Others have answered how malloc(0) works. I will answer one of the questions that you asked that hasn't been answered yet (I think). The question is about realloc(malloc(0), 0):

What does malloc(0) return? Would the answer be same for realloc(malloc(0),0)?

The standard says this about realloc(ptr, size):

• if ptr is NULL, it behaves like malloc(size),
• otherwise (ptr is not NULL), it deallocates the old object pointer to by ptr and returns a pointer to a new allocated buffer. But if size is 0, C89 says that the effect is equivalent to free(ptr). Interestingly, I can't find that statement in C99 draft (n1256 or n1336). In C89, the only sensible value to return in that case would be NULL.

So, there are two cases:

• malloc(0) returns NULL on an implementation. Then your realloc() call is equivalent to realloc(NULL, 0). That is equivalent to malloc(0) from above (and that is NULL in this case).
• malloc(0) returns non-NULL. Then, the call is equivalent to free(malloc(0)). In this case, malloc(0) and realloc(malloc(0), 0) are not equivalent.
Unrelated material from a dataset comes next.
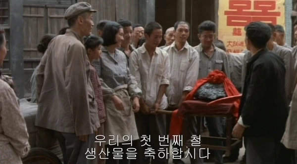 위, 영상 캡쳐 사진을 보자. 현실이라면 이런 그림은 그려지기 어렵다. 소음과 먼지와 열기로 가득 찬 철공장에서 그림자 연극이 가당키나 할까? 영화에서 공연을 보는 남녀노소는 쇠 만들어지는데 별 관심 없고 불가마에서 작업하는 노동자들 역시 이쪽을 볼 생각 없다. 이 장면에서 감독이 하고 싶은 말은 쉬이 짐작할 수 있다. 희대의 삽질이라는 대약진운동. 그러나 운동은 운동대로, 민중은 저녁별 같은 삶을 찾았고 찾아냈던 것이다. 10여년 뒤 그 '혁명'이 있기 전까지는.

Note that there is an interesting case here: in the second case, when malloc(0) returns non-NULL on success, it may still return NULL to indicate failure. This will result in a call like: realloc(NULL, 0), which would be equivalent to malloc(0), which may or may not return NULL.

I am not sure if the omission in C99 is an oversight or if it means that in C99, realloc(ptr, 0) for non-NULL ptr is not equivalent to free(ptr). I just tried this with gcc -std=c99, and the above is equivalent to free(ptr).
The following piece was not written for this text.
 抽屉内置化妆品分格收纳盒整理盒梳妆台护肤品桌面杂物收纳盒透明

Edit: I think I understand what your confusion is:

Let's look at a snippet from your example code:

ptr = malloc(0);
if (ptr == realloc(ptr, 1024))

The above is not the same as malloc(0) == realloc(malloc(0), 1024). In the second, the malloc() call is made twice, whereas in the first, you're passing a previously allocated pointer to realloc().

Let's analyze the first code first. Assuming malloc(0) doesn't return NULL on success, ptr has a valid value. When you do realloc(ptr, 1024), realloc() basically gives you a new buffer that has the size 1024, and the ptr becomes invalid. A conforming implementation may return the same address as the one already in ptr. So, your if condition may return true. (Note, however, looking at the value of ptr after realloc(ptr, 1024) may be undefined behavior.)

Now the question you ask: malloc(0) == realloc(malloc(0), 1024). In this case, let's assume that both the malloc(0) on the LHS and RHS returns non-NULL. Then, they are guaranteed to be different. Also, the return value from malloc() on the LHS hasn't been free()d yet, so any other malloc(), calloc(), or realloc() may not return that value. This means that if you wrote your condition as:

if (malloc(0) == realloc(malloc(0), 1024)
    puts("possible");

you won't see possible on the output (unless both malloc() and realloc() fail and return NULL).

#include <stdio.h>
#include <stdlib.h>

int main(void)
{
    void *p1;
    void *p2;

    p1 = malloc(0);
    p2 = realloc(p1, 1024);
    if (p1 == p2)
        puts("possible, OK");

    /* Ignore the memory leaks */
    if (malloc(0) == realloc(malloc(0), 1024))
        puts("shouldn't happen, something is wrong");
    return 0;
}

On OS X, my code didn't output anything when I ran it. On Linux, it prints possible, OK.

The comp.lang.c FAQ has the following to say:

The ANSI/ISO Standard says that it may do either; the behavior is implementation-defined (see question 11.33). Portable code must either take care not to call malloc(0), or be prepared for the possibility of a null return.

So, it's probably best to avoid using malloc(0).

In C89, malloc(0) is implementation dependent - I don't know if C99 has fixed this or not. In C++, using:

char * p = new char[0];

is well defined - you get a valid, non-null pointer. Of course, you can't use the pointer to access what it points to without invoking undefined behaviour.

As to why this exists, it is convenient for some algorithms, and means you don't need to litter your code with tests for zero values.